Electronic – Using a microcomputer in the drive circuit of a piezo buzzer


I am interested in the use of a microcomputer in a drive circuit for an external drive piezo buzzer.
I was reading the FAQ page on the website of a piezo buzzer manufacturer


Under the heading "Please give me an example of the drive circuit for a Piezoelectric Sounder or a Piezoelectric Diaphragm (External Drive Type)." they said "Examples of typical drive circuits are broadly divided into case 1 where a transistor circuit is used and case 2 where the product is driven directly from a microcomputer." and gave the following image as an example.

enter image description here

I am a novice with electrical engineering and I am trying to understand exactly what components are needed in this external drive piezo buzzer drive circuit. The supplementary comments for this circuit diagram suggested people "consider connecting a Zener diode in parallel with the piezoelectric sound component and Rp if necessary."
Based on this, my understanding is that the necessary components of this drive circuit are – the microcomputer,
the diode,
the resistor (Rp),
the buzzer, and
a power source.

Is this correct? Is it possible to build a drive circuit for a piezo buzzer with only these components, or do I something else?

Best Answer

You said you were a novice, so here is something simple:

The page you linked to turned out not to be a datasheet, so we don't know anything more about the piezo speaker than what you say. The above circuit should work well enough for most piezo speakers, although it can possibly be driven from a higher voltage, which would yield higher volume.

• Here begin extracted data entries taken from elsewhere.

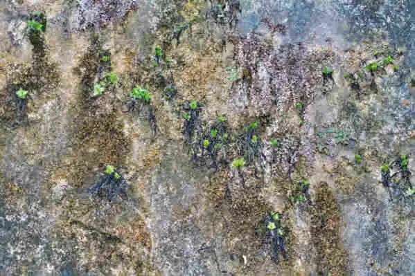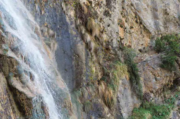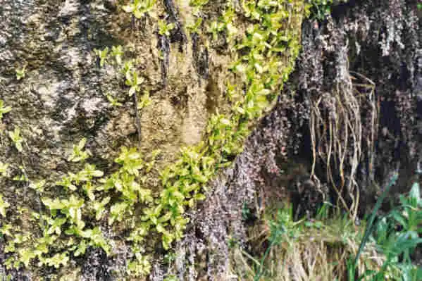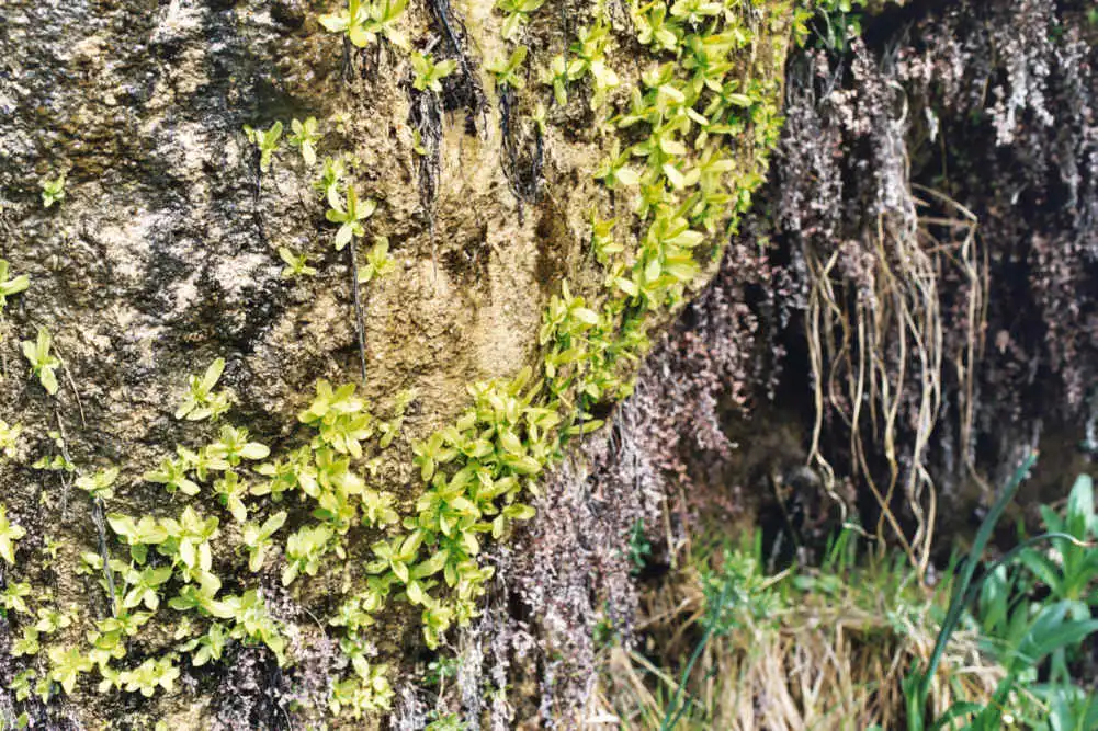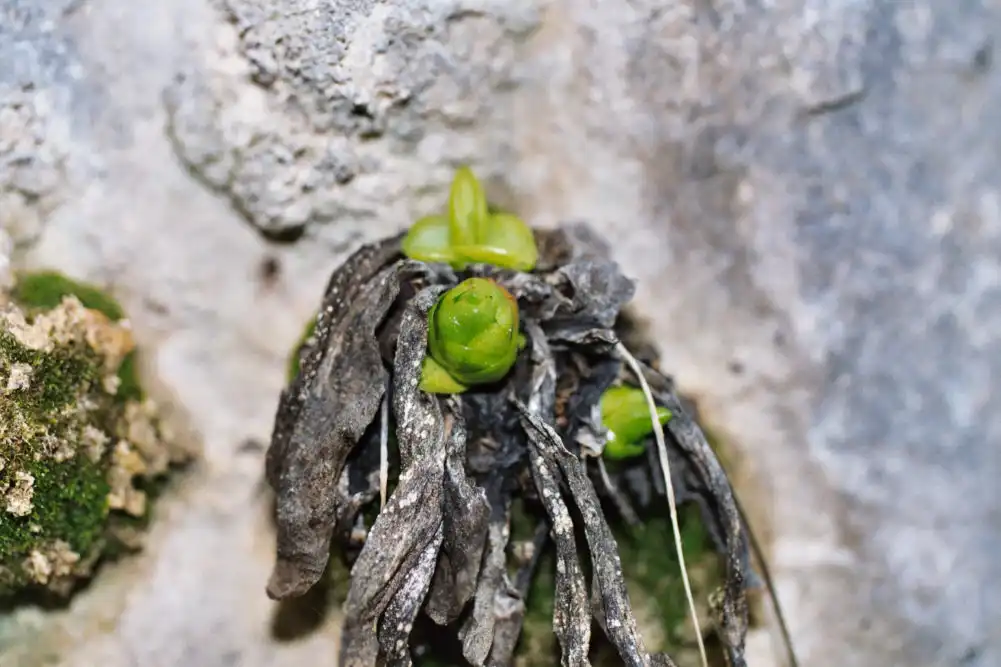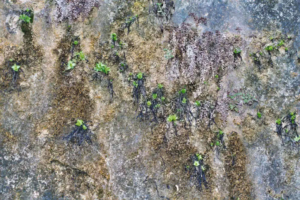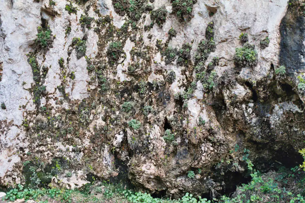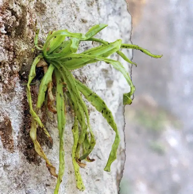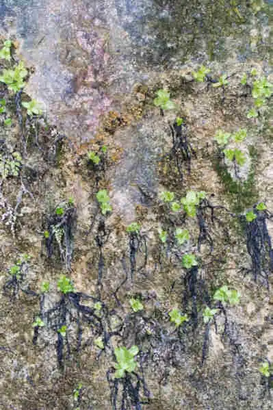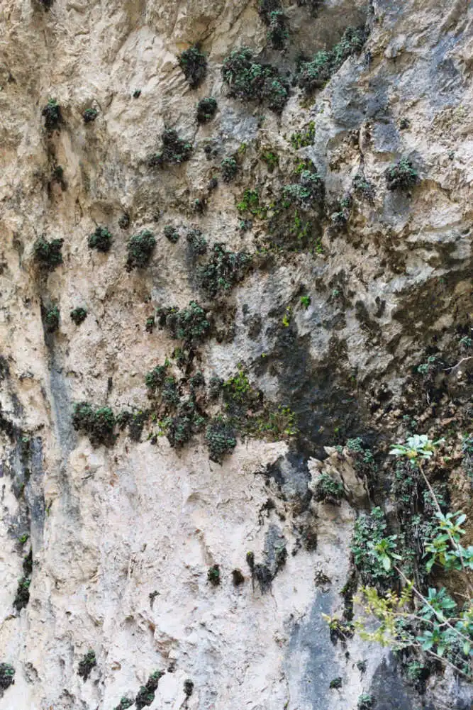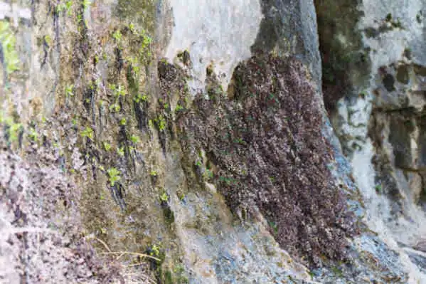 Grows on vertical limestone rock walls, below overhanging rock parts in niches protected from direct rainfall. The plants in some locations grow near falls and are in very wet area.
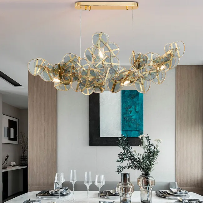 Серия светодиодных реечных люстр с плафонами из кракелированного стекла
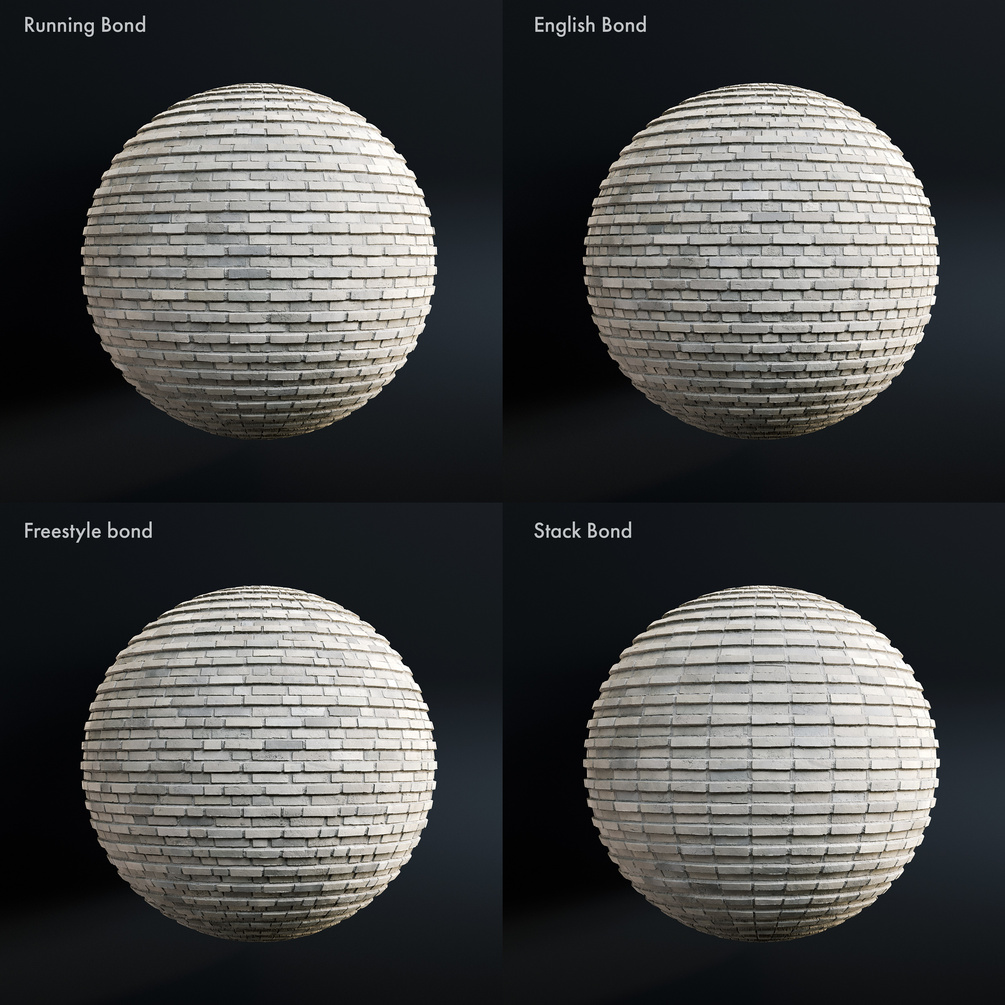 Each seamless PBR Brick texture comes in two distinct sizes: 2.5 meters and 5 meters in width. The 2.5-meter texture offers greater detail, perfect for close-ups, while the 5-meter texture minimizes repetition, making it ideal for large facades. Each texture comes with 4 different bond styles. Running, freestyle, english and stacked bond.
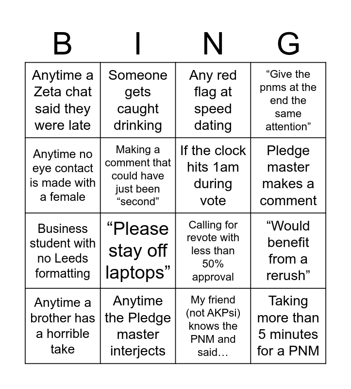 This bingo card has 20 words: “Would benefit from a rerush”, “Good social fit”, Any red flag at speed dating, Any time Cooper interjects, Anytime a brother has a horrible take, Anytime no eye contact is made with a female, Anytime the Pledge master interjects, Anytime a Zeta chat said they were late, Business student with no Leeds formatting, Someone gets caught drinking, “Please stay off laptops”, Calling for revote with less than 50% approval, Making a comment that could have just been “second”, Taking more than 5 minutes for a PNM, If the clock hits 1am during vote, PNM wrote short answers, Pledge master makes a comment, “Give the pnms at the end the same attention”, My friend (not AKPsi) knows the PNM and said… and “Please be quiet”.
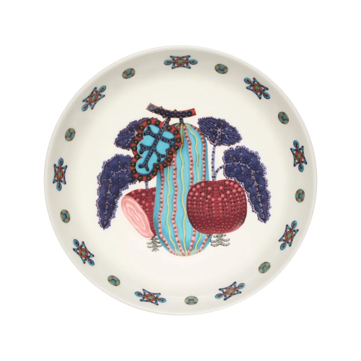 Monipuolinen 20cm syvä lautanen on täydellinen valinta niin pastalle, salaateille kuin nuudeleille. Voit luoda kattauksen täynnä kuvioita ja värejä yhdistelemällä Klaus Haapaniemen Taika-kuvioita tai lisätä muutaman valitun Taika Sato -tuotteen osaksi kokonaisuutta. Taika Sato on yhdistelmä Klaus Haapaniemen eloisia kuvituksia sekä Heikki Orvolan ajattomia ja pelkistettyjä muotoja. Asetelmataiteen innoittama kuvio luo pysähtyneen tunnelman taianomaisine hedelmineen ja vihanneksineen. Kauniit kuvitukset hehkuvat kirkkaissa väreissä valkoisella pohjalla. Lautanen on mikrouuni ja konepesun kestävä. Hyvä lahjaidea.
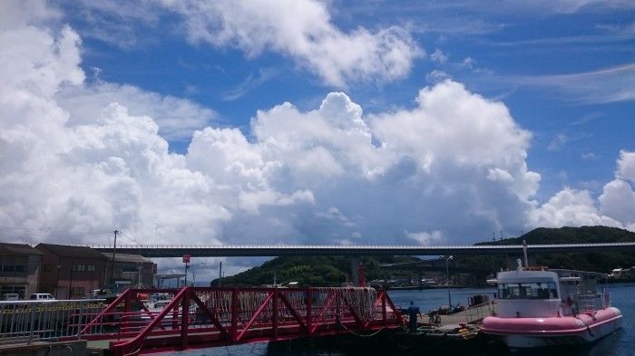 牛深、 夜中に、 朝から、晴れてたが、雷が鳴る 土砂降り 11時には、良か天気になり、蒸し暑く、13時の港、 積乱雲 モコモコ、わくわく こんな感じです長島の方角は、黒い積乱雲があります また、夕立かな?
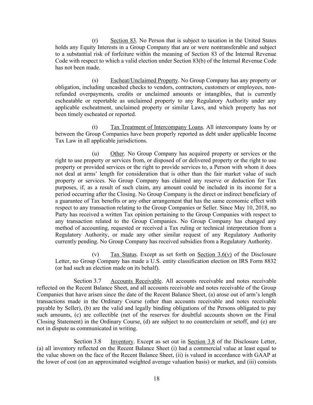 18 (r) Section 83. No Person that is subject to taxation in the United States holds any Equity Interests in a Group Company that are or were nontransferable and subject to a substantial risk of forfeiture within the meaning of Section 83 of the Internal Revenue Code with respect to which a valid election under Section 83(b) of the Internal Revenue Code has not been made. (s) Escheat/Unclaimed Property. No Group Company has any property or obligation, including uncashed checks to vendors, contractors, customers or employees, non- refunded overpayments, credits or unclaimed amounts or intangibles, that is currently escheatable or reportable as unclaimed property to any Regulatory Authority under any applicable escheatment, unclaimed property or similar Laws, and which property has not been timely escheated or reported. (t) Tax Treatment of Intercompany Loans. All intercompany loans by or between the Group Companies have been properly reported as debt under applicable Income Tax Law in all applicable jurisdictions. (u) Other. No Group Company has acquired property or services or the right to use property or services from, or disposed of or delivered property or the right to use property or provided services or the right to provide services to, a Person with whom it does not deal at arms’ length for consideration that is other than the fair market value of such property or services. No Group Company has claimed any reserve or deduction for Tax purposes, if, as a result of such claim, any amount could be included in its income for a period occurring after the Closing. No Group Company is the direct or indirect beneficiary of a guarantee of Tax benefits or any other arrangement that has the same economic effect with respect to any transaction relating to the Group Companies or Seller. Since May 10, 2018, no Party has received a written Tax opinion pertaining to the Group Companies with respect to any transaction related to the Group Companies. No Group Company has changed any method of accounting, requested or received a Tax ruling or technical interpretation from a Regulatory Authority, or made any other similar request of any Regulatory Authority currently pending. No Group Company has received subsidies from a Regulatory Authority. (v) Tax Status. Except as set forth on Section 3.6(v) of the Disclosure Letter, no Group Company has made a U.S. entity classification election on IRS Form 8832 (or had such an election made on its behalf). Section 3.7 Accounts Receivable. All accounts receivable and notes receivable reflected on the Recent Balance Sheet, and all accounts receivable and notes receivable of the Group Companies that have arisen since the date of the Recent Balance Sheet, (a) arose out of arm’s length transactions made in the Ordinary Course (other than accounts receivable and notes receivable payable by Seller), (b) are the valid and legally binding obligations of the Persons obligated to pay such amounts, (c) are collectible (net of the reserves for doubtful accounts shown on the Final Closing Statement) in the Ordinary Course, (d) are subject to no counterclaim or setoff, and (e) are not in dispute as communicated in writing. Section 3.8 Inventory. Except as set out in Section 3.8 of the Disclosure Letter, (a) all inventory reflected on the Recent Balance Sheet (i) had a commercial value at least equal to the value shown on the face of the Recent Balance Sheet, (ii) is valued in accordance with GAAP at the lower of cost (on an approximated weighted average valuation basis) or market, and (iii) consists
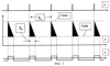 На фиг.3 приведены три временные диаграммы: периодической последовательности синхроимпульсов от ГСИ 20 с периодом следования Ти, определяющим скорость считывания информации об объекте в данной точке, последовательности генерируемых в ГЛЧМ 11 зондирующих импульсов (указанных условно заштрихованными треугольниками по признаку изменяющейся линейно во времени частоты несущих колебаний) с длительностью импульсов

R1 limits the current thru the base of Q1 when the digital output is high. Figure the B-E junction drops 700 mV, so that leaves 4.3 V accross R1, which causes 4.3 mA base current and will draw that much from the digital output. Most digital outputs can source that much without issue. Check your datasheet. If not, make R1 higher. You most likely don't need as much base drive as this.

When the digital output is high, Q1 will have 4.3 mA of base current, which should easily give it enough current sink capability to pull the collector as low as it can go. Figure you can count on a gain of 50, so that means 215 mA of collector current, which should be way more than required.

D1 is there to give the kickback current of SP1 a place to go when Q1 turns off suddenly. Piezo elements have a significant inductive component as viewed from the driving circuit. If you don't give the kickback current a place to go, then the voltage can get high enough to fry Q1. R2 cause some back voltage to this current to make it die down more quickly, helping the high frequecy response. R2 can probably be a lot lower, but again, you didn't supply a datasheet so all the component values are just rough ideas or guesses at best.